MobileRead Forums - View Single Post - KindleUnpack (MobiUnpack): Extracts text, images and metadata from Kindle/Mobi files

KevinH · 06-29-2014, 03:19 PM

Hi tkeo,

I have started studying the RESC, new OPF, and taglist code, and I had some questions:

1. It looks like there is a lot of code that is simply grabbing the original idref from the RESC section and then trying to make sure that none of that duplicates anything we use. Why is it important or at all useful to keep the idrefs from the RESC and re-use them in the new opf?

Given we do not know the original file names, the original idrefs seem more than a bit meaningless. It would make the code much easier to follow and support if we simply ignore all of these original idrefs from the RESC and simply sequentially number ours as was done by KindleUnpack originally. That should simplify or eliminate the need for the code to get all of the skeleton/partinfo from k8proc, shouldn't it?

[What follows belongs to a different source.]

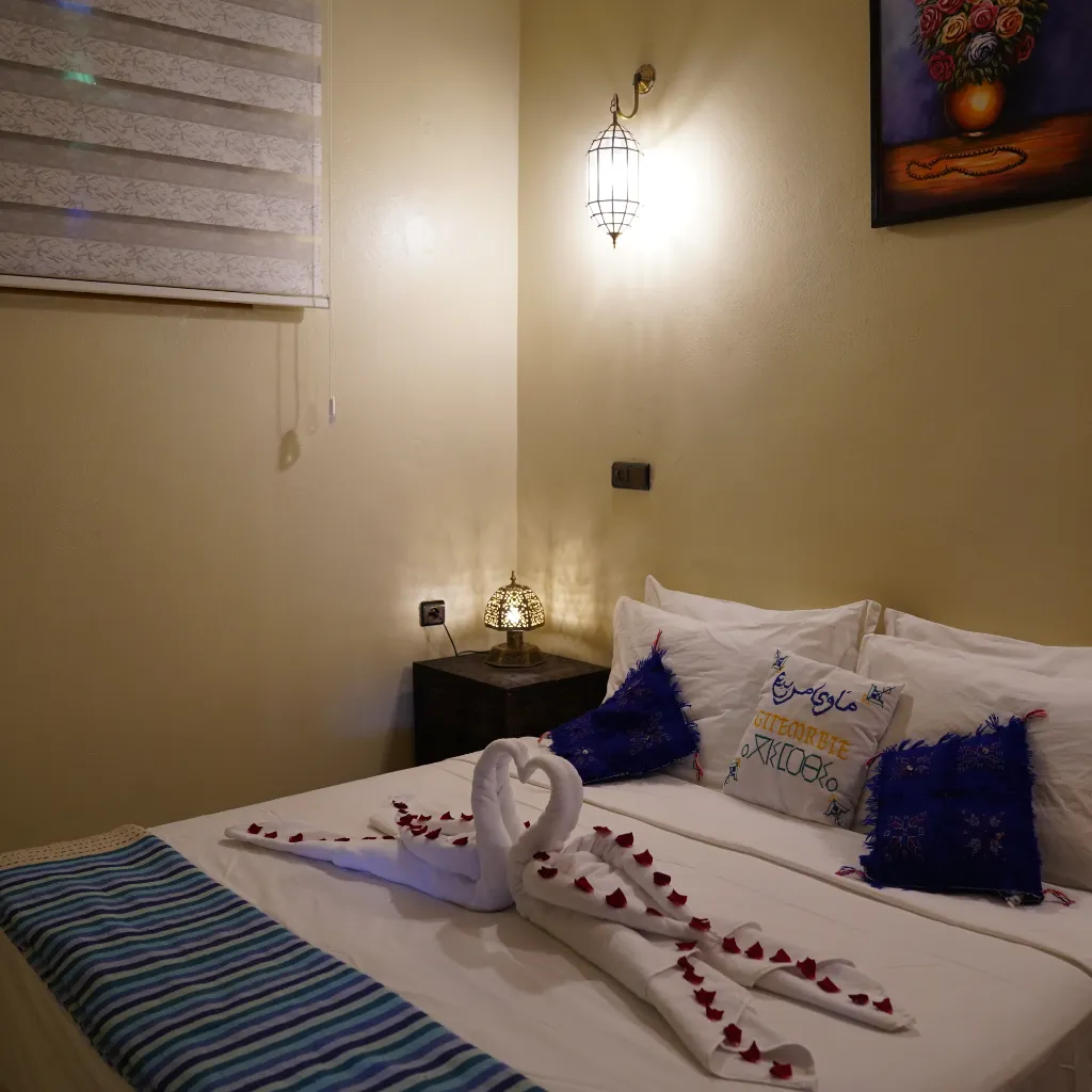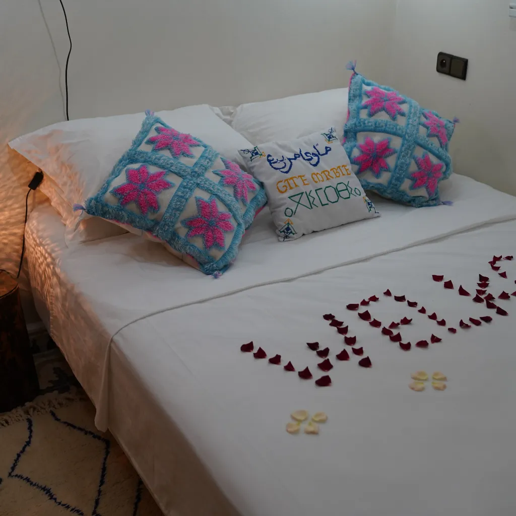 Te invitamos a explorar visualmente nuestros espacios privados. Cada una de las seis habitaciones (Targa Ifrakh, Tazrout, Adraoui, Tihyi, Tibarkanine y Bungalow Inna) ha sido diseñada con materiales y técnicas locales, ofreciendo un refugio tranquilo y acogedor donde la estética Amazigh se fusiona perfectamente con el confort que mereces después de un día explorando el Medio Atlas.

2. Can we please move parseK8RESC() out of mobi_opf and into k8resc so that the k8resc object encapsulates all RESC decoding. The opf routine can call into k8resc to get and add the extra metadata information as needed. We do not need to keep the distinction as to the source (it will either be from the mobi exth header or the RESC, and so it shouldn't matter).

3. Do we really need to use a full blown HTMLParser() and all of the additional regular expression code just to parse the RESC section? This seems overkill at best. The problem with HTMLParsers in general is that they are not robust and can easily freak out over improper bytes (i.e leave an imbedded null lying around in the html/xml file and watch them barf all over it). And it almost looks like your regular expression metadata parsing code is trying to act like a full blown HTMLParser of some sort instead of just extracting what you want. Perhaps this is the only way but I am not convinced yet. So isn't some way to simply walk the RESC data and extract what we want more simply with much less code in general? Edit: Please see my attached simple proof of concept code.

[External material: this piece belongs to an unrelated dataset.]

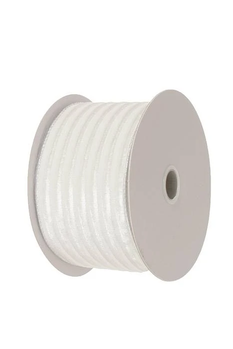 1.5″ X 10 YD RIBBED VELVET/SILVER LAME BACK WHITE

4. There really is way too much overlap in all of the code for the various use cases in mobi_opf. There really is no reason to split opf writing out for mobi7 vs mobi8 for epub 2. Our original routine handled that case just fine.

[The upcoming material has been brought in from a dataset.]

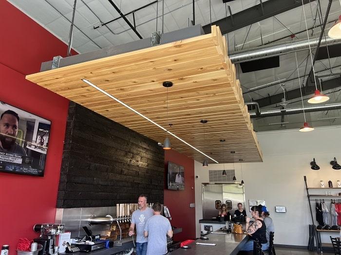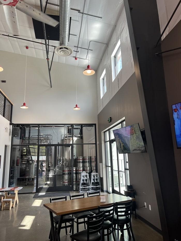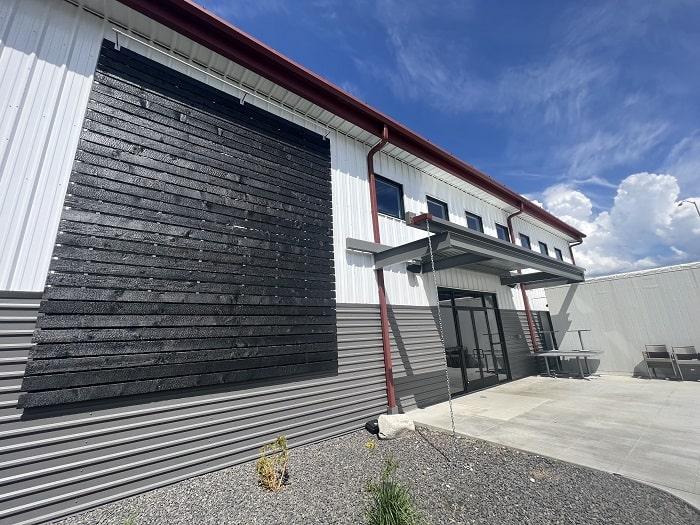 To instill warmth into an otherwise industrial design and create an economical yet visually impactful space, we integrated a variety of panel colors and profiles into the design. The finished prefab steel-building consists of vertical PBR panels, horizontal PBU panels, and a standing seam roof, with high ceilings, abundant natural light, and a second floor for private events. The end result: a 7,840 square foot venue that feels spacious and open with ample room for a taproom and bar plus a large brewery.

So I envision one routine for both mobi7 and mobi8 epub 2 with calls out to shared support routines which we will pull out and identify much like you have already done. And a second separate routine for mobi8 epub3 with calls out to many of the same shared support routines. How does that sound?

We want to keep KindleUnpack as simple and straightforward as possible with as little fluff as possible to make support and learning from the code easy to do.

Please let me know what you think?

ps.:

As a ***very rough*** proof of concept I threw together a very simple program to parse the RESCXXXXX.dat files generated by KindleUnpack.py. It does not do anything other than parse the RESCXXXX.dat file. But it returns the prefix and path and a dictionary with all of the attributes and any related content. Once we throw out all of the main routine, and utf8 parsing of the command line nonsense, you will see it is quite small and easy to adapt as we see fit.
So we simply walk the RESC file tag by tag checking for the tags and things we want to further process in some way and build the tables and things needed inside k8resc.

For example, a list of skelids (which are kf8 skeleton numbers) and their page-properties could easily be generated on the fly, as could extracting the meta data into whatever form we want (epub 2 or epub 3) and storing it in the correct form in the k8resc object to be called for either in the main routine or in the opf as needed.

Please run it on one of the RESCXXXXX.dat files from one of your more complicated epub3 based ebooks converted to mobi and let me know if you think this type of very simple approach will work for us.

Thanks,

KevinH